А если не будут произведены необходимые товары, наступят тяжелые времена. Антиутопия, нарисованная Рэнд, кажется пророческой: «дешевые строения, которые через несколько лет после возникновения превращаются в неряшливые обветшалые лачуги», «командная» экономика, подавляющая обычных людей, которые «не интересуются, что с ними станется через неделю» и находят успокоение в «большом новом телевизоре в освещенной комнате дома, крыша которого осела, а стены потрескались». Предвидение Рэнд основано на воспоминаниях из детства, проведенного в России: о большевистской революции и «правлении Ленина и переходном периоде от примитивного капитализма к жестокому коммунизму», как это называет Анна Хеллер в книге «Айд Рэнд и мир, который она создала» (англ. Ayn Rand and the World She Made).

По мнению Рэнд, американцы, очарованные металлическим шаром, летящим по небу, и прямо-таки волшебной урожайностью коллективно освоенных целинных земель, воспринимали вовсе не те сигналы. Ее роман призывал обратить внимание на другие стороны жизни советской империи: хронический дефицит мяса, непригодные для жизни дома, притеснение несогласных (включая недавнее на тот момент восстание в Венгрии, подавленное советскими танками). «Атлант расправил плечи» живописует страшный сон – но не Америки, какой она была в 1957 году, а Советского Союза, каким он мог бы стать.

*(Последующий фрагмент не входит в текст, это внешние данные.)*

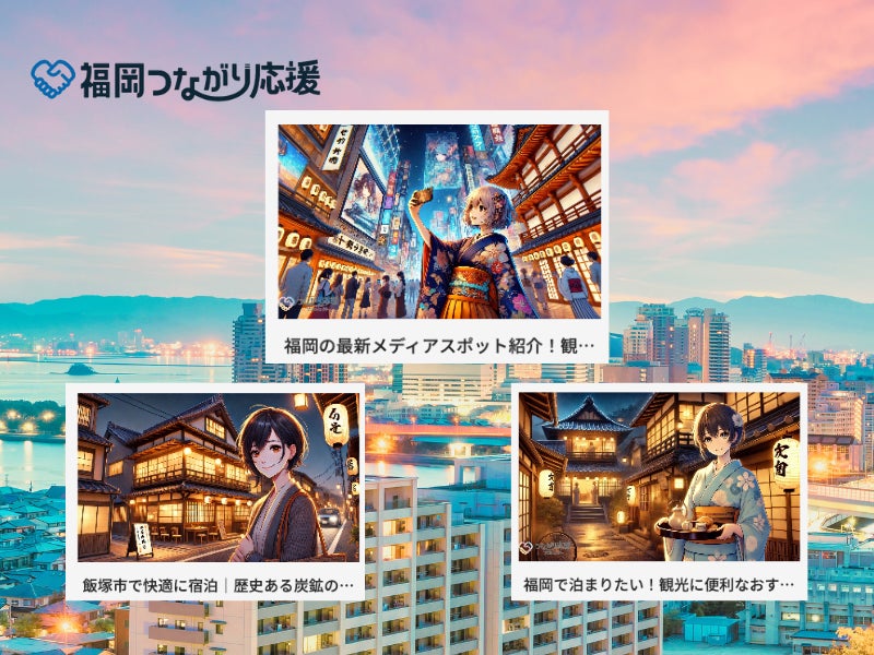 「福岡つながり応援」は、福岡県の自治体や地域団体の後援を得て、地域のPRと課題解決に取り組む官民連携のキャンペーンです。2024年11月1日よりスタートし、3か月間にわたり、福岡の観光資源や特産品を紹介するほか、地域の抱える課題解決を目的とした支援活動を展開していきます。この取り組みの一環として設立された「福岡つながりメディア」では、福岡の魅力を全国に発信するとともに、県内外の人々が地域に興味を持ち、繋がりを持てるような情報を発信します。

Но многим продвигаемая Рэнд философия «разумного эгоизма» казалась такой же жестокой и ограниченной, как и советский материализм. Она могла служить очередным подтверждением того, что обе сверхдержавы, погрязшие в противостоянии, которое уже вышло за пределы планеты, стали, каждая по-своему, бездушными. Своеобразной компенсацией стал еще один большой русский роман того же времени – «Доктор Живаго» Бориса Пастернака . В нем история русской революции рассказана так, как это мог бы сделать Толстой : в форме не идеологического трактата или политического комментария, а многослойного повествования. Живаго и его возлюбленная Лара – вместе с шестью десятками других героев на протяжении трех поколений – проживают, в метаниях и борьбе, тяжелейший период российской истории – от восстания 1905 года до Первой Мировой войны, Октябрьской революции и последовавшей за ней Гражданской войны, от воодушевления до жестокого разочарования в советском строе.

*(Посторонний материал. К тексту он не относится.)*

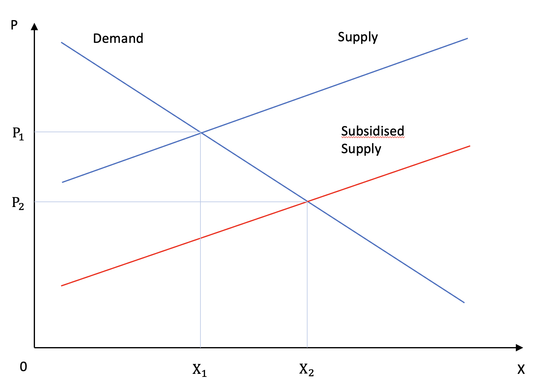 chart Equilibrium shift resulting from a subsidy

Борис Пастернак. Источник: Livejournal
Борис Пастернак. Источник: Livejournal


Никогда раньше такой в сущности традиционный роман не получал таких восторженных отзывов, по крайней мере, на Западе. В Союзе он не был издан, а когда за границей стали появляться – причем в большом количестве – нелегальные копии, на Пастернака градом посыпались оскорбления, его даже вынудили отказаться от Нобелевской премии, присужденной ему в 1958 году. «Изменнику Борису Пастернаку» официально советовали стать настоящим эмигрантом (в противовес так называемой внутренней эмиграции) и «отправляться в его капиталистический рай». В государстве, где полторы тысячи писателей были расстреляны или погибли в трудовых лагерях, к таким советам стоило прислушиваться. Но Пастернак, не только выдающийся поэт, но и смелый человек, не сдался. Он упрямо оставался в России, на своей подмосковной даче, хотя его принимали бы как героя в лучших салонах на Западе. На антикоммунистическом съезде в Вене, который проводил Католический союз молодежи и студентов, был показан фотоколлаж, на котором, по отчету The Times, «казалось, что он стоит за колючей проволокой. На расстоянии это и вовсе напоминало терновый венец на его голове». К этому времени в Соединенных Штатах было продано уже 850 000 экземпляров романа.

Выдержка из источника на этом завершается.